In March 1841, he bought the business of Osborne and Fennell, barley and coal merchants at Snape Bridge. Using the River Alde to transport barley across Britain and into Europe on Thames barges, within three years of his arrival, Garrett was shipping 17,000 quarters (216 t) of barley a year from Snape. Much of this barley would have been destined for breweries, where it had first to be malted. Newson saw an opportunity and in 1854 he began malting at Snape, and was soon shipping malt, rather than barley to the breweries.
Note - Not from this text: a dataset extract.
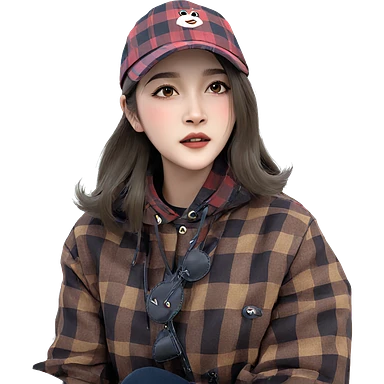 girl in plaid with hat emoji

Newson's business at Snape Maltings expanded and five more children were born, Agnes (1845), an interior designer; Millicent (1847), a leader in the constitutional campaign for women's suffrage; Samuel (1850), Josephine (1853) and George (1854). A granddaughter Philippa Fawcett was the first woman to rank highest in the Mathematical Tripos examinations at Cambridge. By 1850, Newson was a prosperous businessman and was able to build Alde House, a mansion on a hill behind Aldeburgh.

The success of the maltings established Garrett as an eminent businessman. In 1889, he was elected to the position of mayor of Aldeburgh; fifteen years later his daughter Elizabeth became the first woman mayor in the United Kingdom by taking the same post.

==Death and legacy==
He was buried in St Peter and St Paul's Church, Aldeburgh, where there is a commemorative plaque on the wall. His widow died at Aldeburgh on 17 January 1903, at the age of 89.

The maltings at Snape Bridge closed in the 1960s but, through the leadership of the composer Benjamin Britten, the site was converted into the Snape Maltings Concert Hall, which has become the principal venue for the annual Aldeburgh Festival.